J Cell Mol Med ; 25(16): 8047-8061, 2021 08.
Article em En | MEDLINE | ID: mdl-34165249
ABSTRACT
Irritable bowel syndrome (IBS) is a gut-brain disorder in which symptoms are shaped by serotonin acting centrally and peripherally. The serotonin transporter gene SLC6A4 has been implicated in IBS pathophysiology, but the underlying genetic mechanisms remain unclear. We sequenced the alternative P2 promoter driving intestinal SLC6A4 expression and identified single nucleotide polymorphisms (SNPs) that were associated with IBS in a discovery sample. Identified SNPs built different haplotypes, and the tagging SNP rs2020938 seems to associate with constipation-predominant IBS (IBS-C) in females. rs2020938 validation was performed in 1978 additional IBS patients and 6,038 controls from eight countries.
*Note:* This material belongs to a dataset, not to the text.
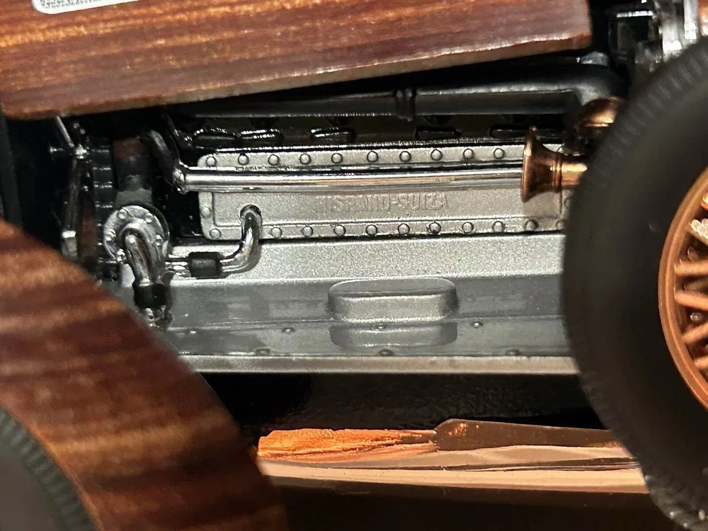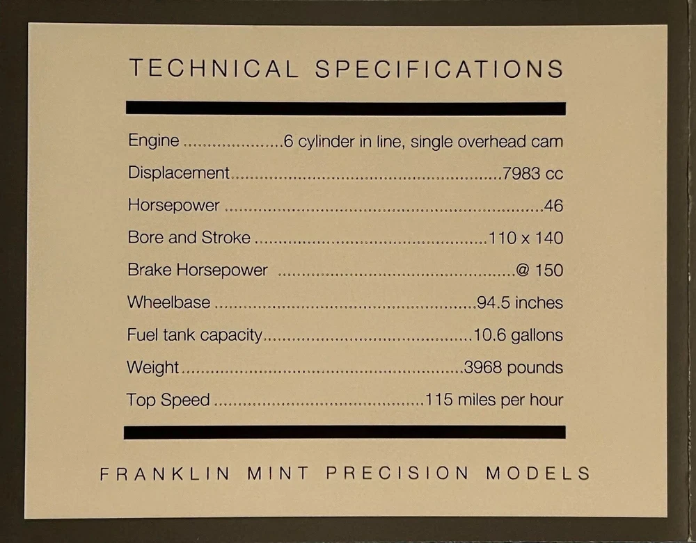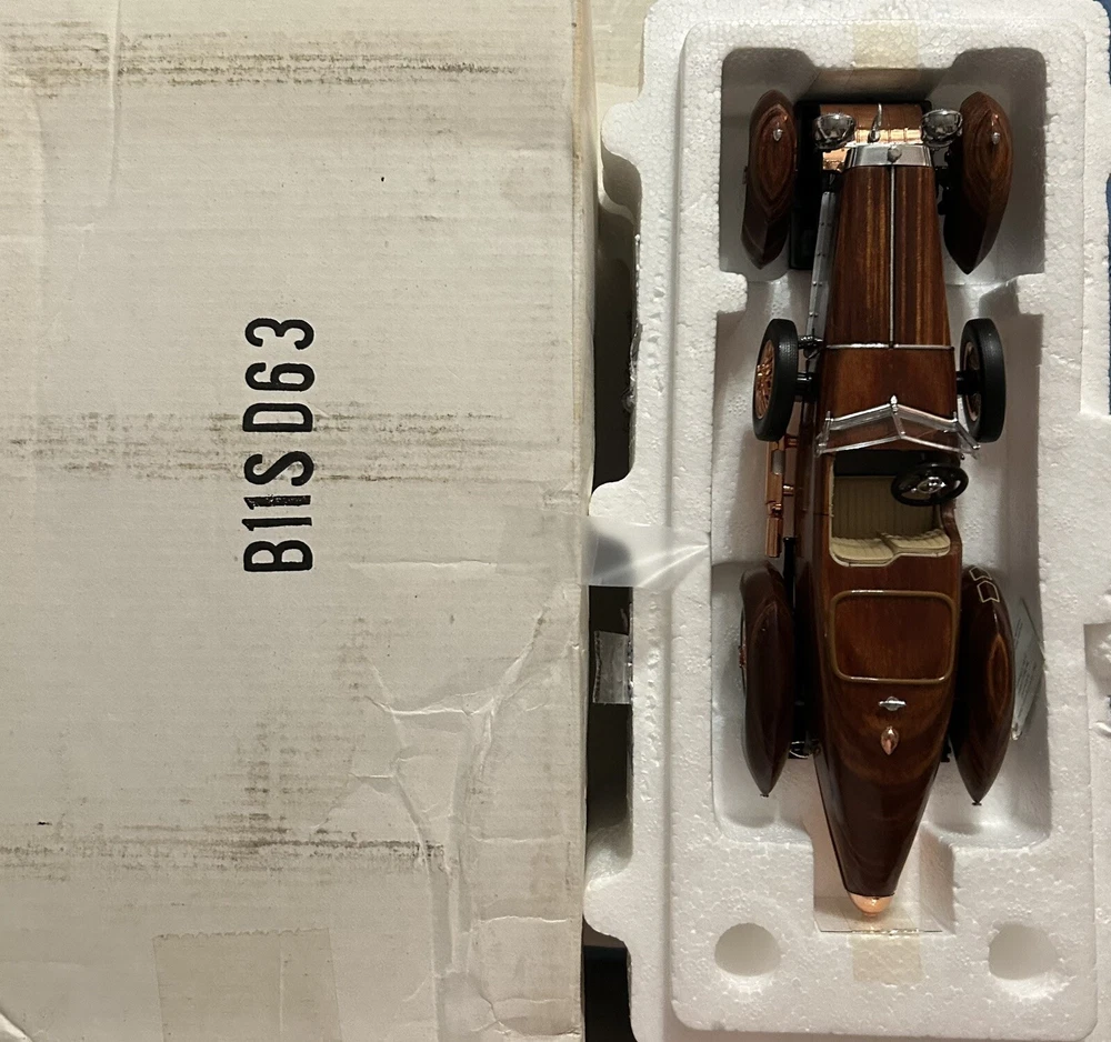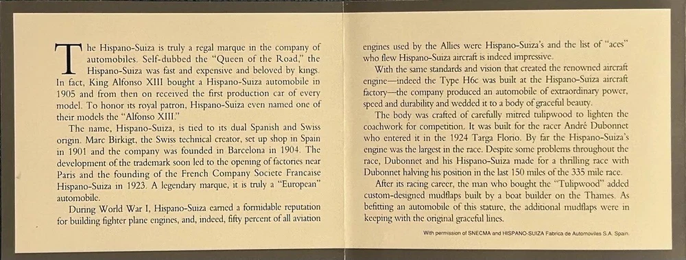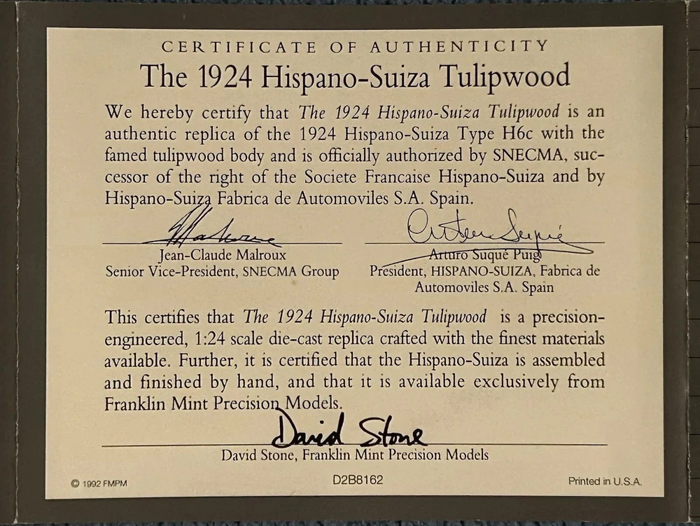 Here’s a Franklin Mint 1924 Hispano-Suiza Type H6c Speedster Model Replica was exclusively offered in 1993 to their Franklin Mint Club Members. The original 1924 Hispano-Suiza Type H6c Speedster Automobile dubbed “Queen of the Road” was a very expensive purchase and was beloved by King Alfonso XIII, who in 1905 purchased his first and inspired him to buy one every new production year from then on. During World War I, Hispano-Suiza earned a formidable reputation for building fast dependable aircraft engines with more than half of all aircraft being powered by Hispano-Suiza aircraft engines. Encompassing the same standards and vision as the aircraft engine, the Type H6c automobile was built at the same Hispano-Suiza Aircraft Factory producing power, speed, and durability. Hand-Assembled and Hand-Finished using the finest Tulipwood and Genuine Copper materials, this magnificently crafted work of art includes the signed Certificate of Authenticity, Hang Information Tag, The Care and Handling Instructions, Technical Specifications Data, The Hispano-Suiza Type H6c Speedster Tulipwood Story, Both Engine Plan and Driver’s Compartment Layouts, Display Case Full-Color Brochure, Custom Styrofoam Container, and Shipping Box. Take advantage of this opportunity to add this unique pristine museum level of superior magnificent’s to your collection today.

Meta-analysis on data from 2,175 IBS patients and 6,128 controls confirmed the association with female IBS-C. Expression analyses revealed that the P2 promoter drives SLC6A4 expression primarily in the small intestine. Gene reporter assays showed a functional impact of SNPs in the P2 region. In silico analysis of the polymorphic promoter indicated differential expression regulation. Further follow-up revealed that the major allele of the tagging SNP rs2020938 correlates with differential SLC6A4 expression in the jejunum and with stool consistency, indicating functional relevance. Our data consolidate rs2020938 as a functional SNP associated with IBS-C risk in females, underlining the relevance of SLC6A4 in IBS pathogenesis.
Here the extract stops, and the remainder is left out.